Morgan Feanny: Yeah, people are getting more picky because they can be nowadays. People, as in investors.

Greg Arnot: Switching gears a bit, I’d like to get into the design side of things. What does that overall design process look like at Firefly? I wonder if you can walk me through from concept all the way through to launch.

Drew Summers: It usually starts with just a whiteboard discussion, making some sketches. You have the problem statement; you know what you want to do. Like, “I want to redesign this component. I want to mount this thing to this other thing. I want to make this lighter. I want to refine how this works.” Based on that, you can do your early sketches and have some discussions and meetings with people to figure out what your boundary conditions are, what your constraints are, what materials are available, and what your budget is. Then, from there, you can build your preliminary CAD model. As the design matures and with further discussions, meetings, and design reviews, you can refine that CAD model throughout the whole process.

Morgan Feanny: The whole iterative design thing really is, at least at Firefly, how we design. You do have to make something physical at some point to validate all the math and the analysis that goes into all the assumptions that you’ve been making throughout the design process. Then, you carefully install this very expensive hardware onto a test stand. Maybe a joint needs redesigning because it failed in a previous test. Maybe something is way too heavy, and we need to cut mass costs because we have a payload that needs to go into a deeper orbit or it’s a heavier payload. After, you just kind of run through this iterative design process. The iterative design process doesn’t have to be physical all the time. You can run different analysis models and CAD models and keep building virtually.

Drew Summers: That’s where the design trades really come in. Especially with preliminary design, that’s where you’d have your different design trades in your 3D space to validate which one you want to go with for a fully fleshed-out design.

Morgan Feanny: Yeah, and then it’s just a matter of paperwork. I say “paperwork,” but that’s really summarizing a lot of the regulation side and the mission management side very crudely.
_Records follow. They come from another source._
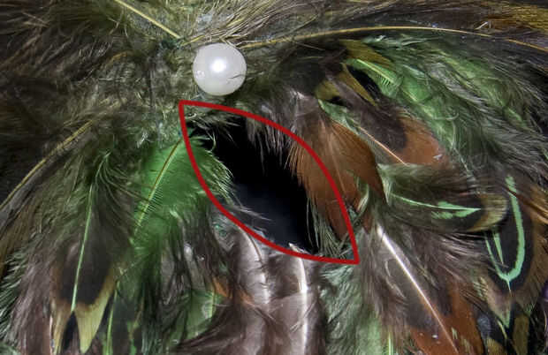 7. Si te estás preguntando sobre cómo formar las plumas alrededor del ojo, ver la tercera imagen. Después de pegar las plumas, solía tijeras eliminar extremos afilados y crear más espacio. No recomiendo cortar el ojo completamente, esto a menudo crea un borde afilado que se ve mal en las fotografías.
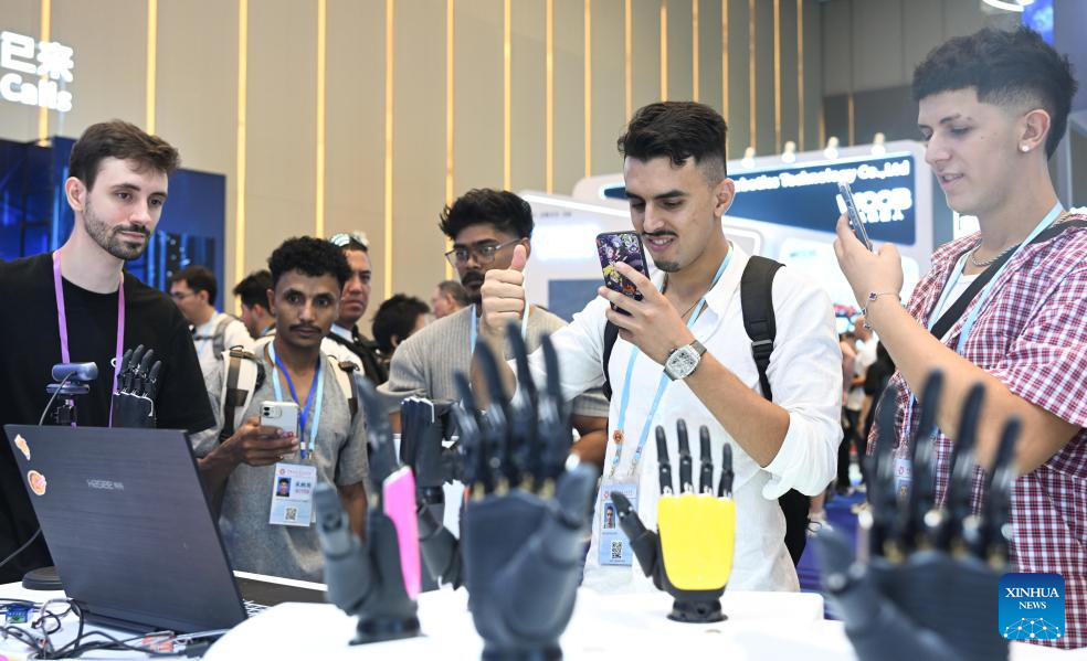 GUANGZHOU, 16 octubre, 2025 (Xinhua) -- Imagen del 15 de octubre de 2025 de compradores extranjeros interactuando con manos robóticas en la Zona de Robots de Servicio durante la 138ª edición de la Feria de Importación y Exportación de China (Feria de Cantón), en Guangzhou, en la provincia de Guangdong, en el sur de China. La feria destaca la Zona de Robots de Servicio para mostrar innovaciones de vanguardia, como robots humanoides, robots exoesqueleto, robots de patrullaje esféricos, robots de limpieza fotovoltaicos, robots educativos, etc. (Xinhua/Deng Hua)
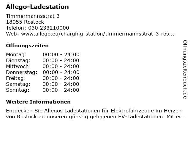 | Öffnungszeiten Allego-Ladestation in Rostock anzeigen | |
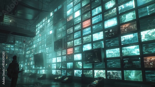 Blurred wall of television screens broadcasting 24/7 news and media. Concept of internet, AI, and nonstop data.
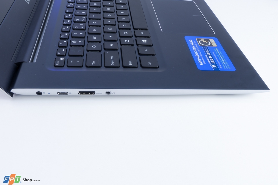 Cạnh trái chứa các cổng HDMI, jack tai nghe 3.5, nguồn, USB Type C
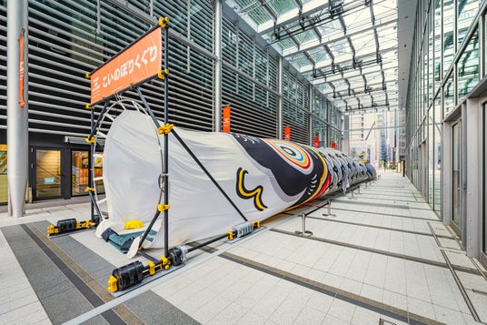 ┗長さ約25メートルの巨大なこいのぼりをくぐり、日本伝統の「端午の節句」の文化に触れる体験
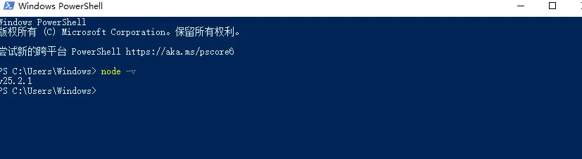 * 安装完成后,重启PowerShell,再次运行 `node -v` 确认版本符合要求。
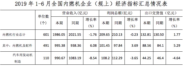 据内燃机工业(含内燃机及配件制造业和汽车发动机制造业)601家独立核算的规上企业汇总数据,前六个月内燃机行业经济运行出现前高后低运行态势,三大指标与上年同期比涨跌互现,除出口交货值保持微弱增长外,营业收入、利润总额均出现负增长。由于不确定性因素较多,经济活力增长略显乏力,减税降费新政利好的影响相对有限,经济下行的风险依然存在。
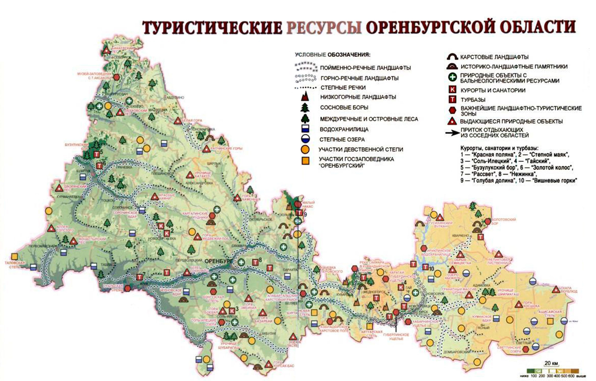 На карте указаны популярные места отдыха и сведения о них. Представлена информация о памятниках природы Оренбуржья.
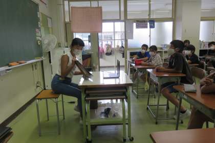 今日のいきいきタイムはリモート読み聞かせを行いました。図書委員会の6年生が画面に向かって、一生懸命読み聞かせを行っていました。聞いているクラスも画面上をよく見て、お話を聞いており、素敵な時間が流れていました。
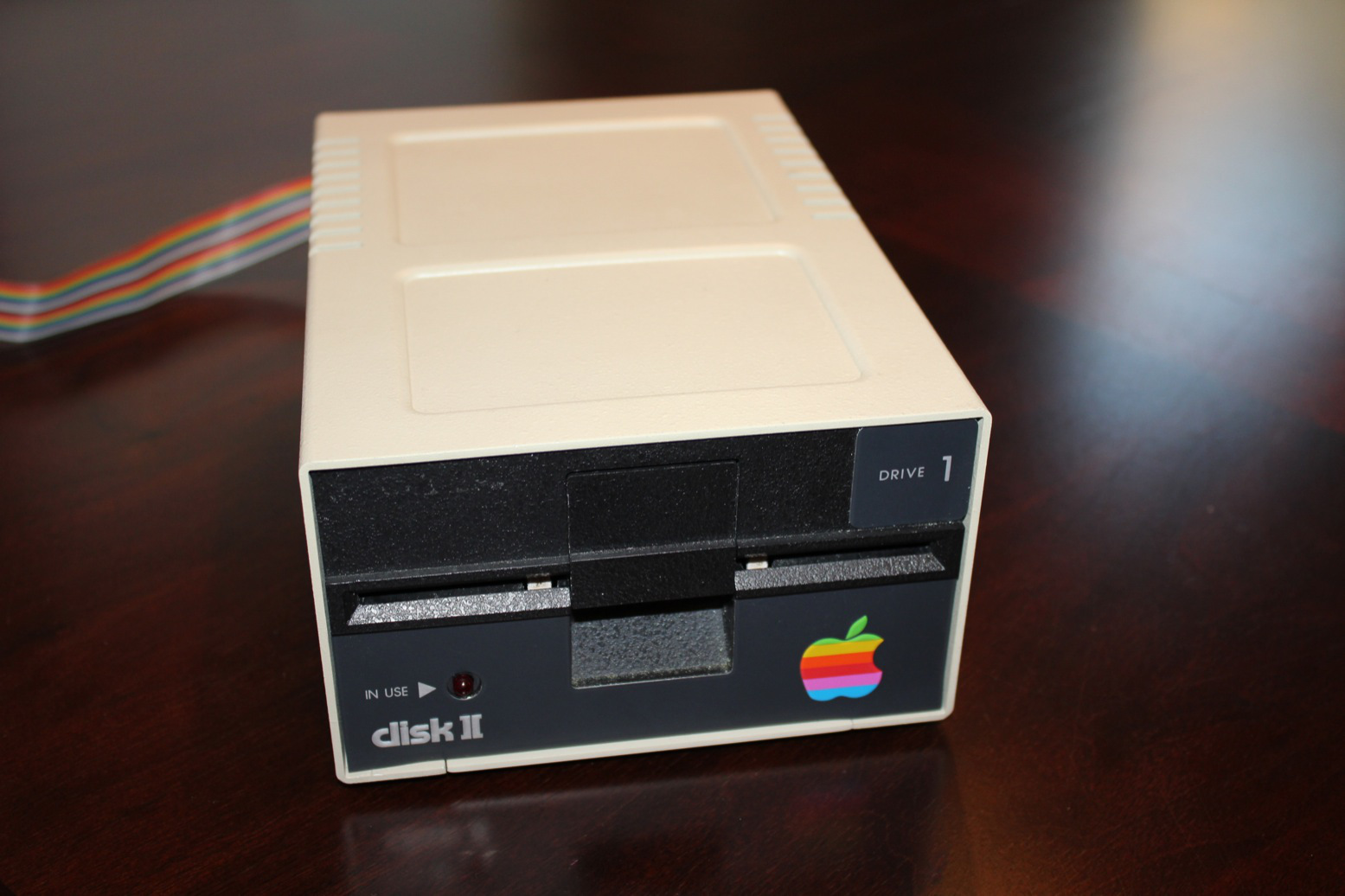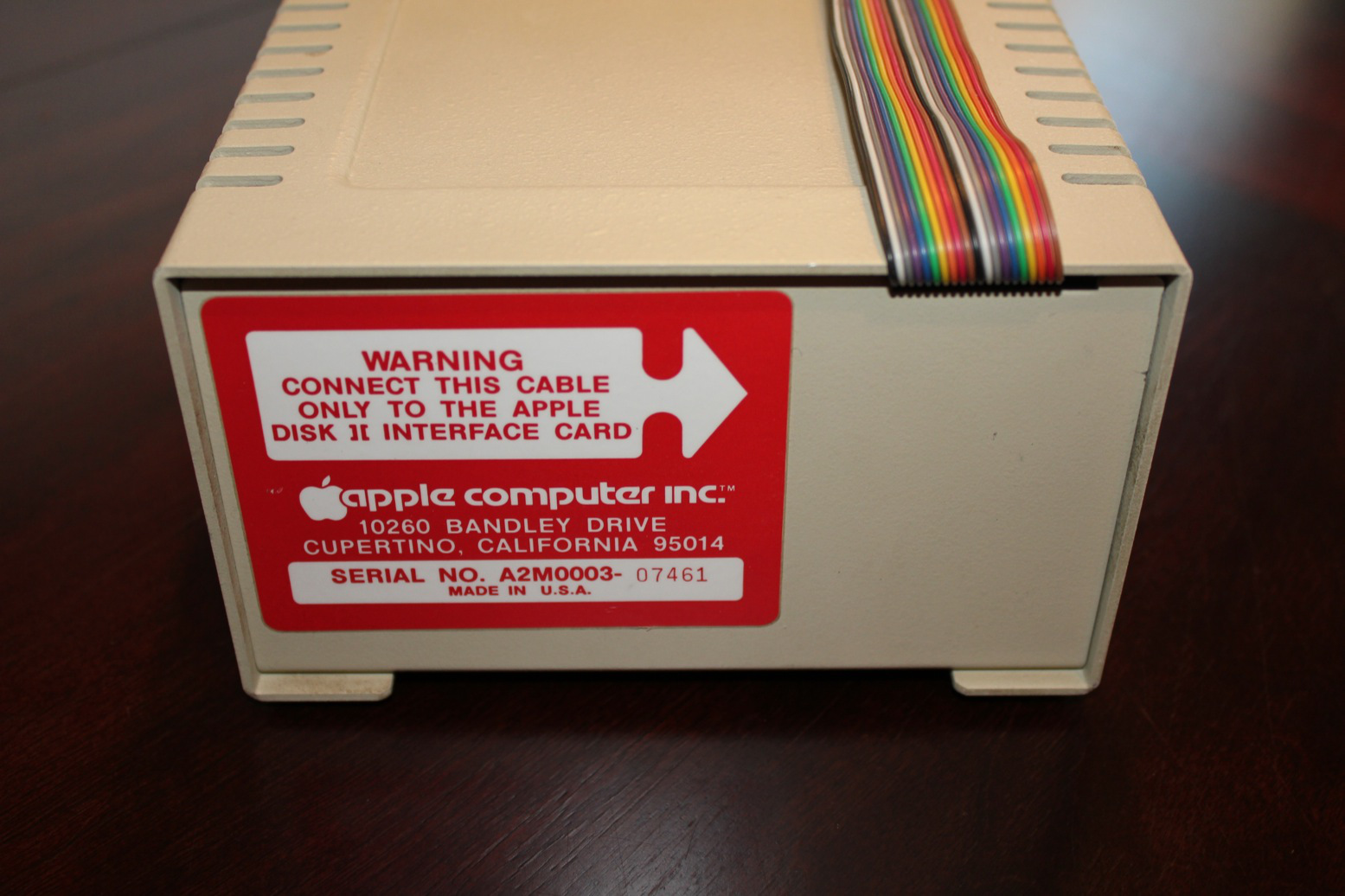 In 1977 Mike Markkula, like many users, was unhappy with the time it took to load data from the cassette interface. He made it a company goal to develop a disk system for the Apple II. After studying the Shugart documentation Woz found that he could avoid much of the complex circuitry needed to control a disk head by doing more work in software. In addition, by doing the board layout himself, Woz was able to reduce chip count even further. My Disk II card is an early production unit which is visible by the tin fingers on the card. The Disk II drive is serial #7461 and includes the rainbow ribbon cable that came with the early production units.

It’s a matter of finding somebody who wants to fly to space on this design and then just making it happen.

Greg Arnot: Given that we are on the Next Generation Design Podcast from the NX CAD team, I’m wondering if you’ve seen any benefits to using CAD and NX in the design process at Firefly? What would you say has had the biggest impact there?

Morgan Feanny: With CAD and NX, you can actually put something on screen that someone can look at. You can kind of fly around in 3D space and get a visual aid to help with what you’re trying to say or the design you’re trying to sell. You can CAD up really quickly, update really quickly, and share really quickly something that can be reviewed by anyone in the company– it’ll be slapped up on Teamcenter. Anyone can look at it and get a visual representation of the design we’re trying to realize. The fact that you can do this so quickly, and it’s integrated with Teamcenter really nicely, where access is not really an issue for anyone in the company if they have an account, that’s probably the biggest impact of CAD—you can actually see what you’re working on. It’s a lot quicker than back when people had to draw things on paper, and you couldn’t really fly around in 3D space to see what the backside of that looks like. But you can do that now.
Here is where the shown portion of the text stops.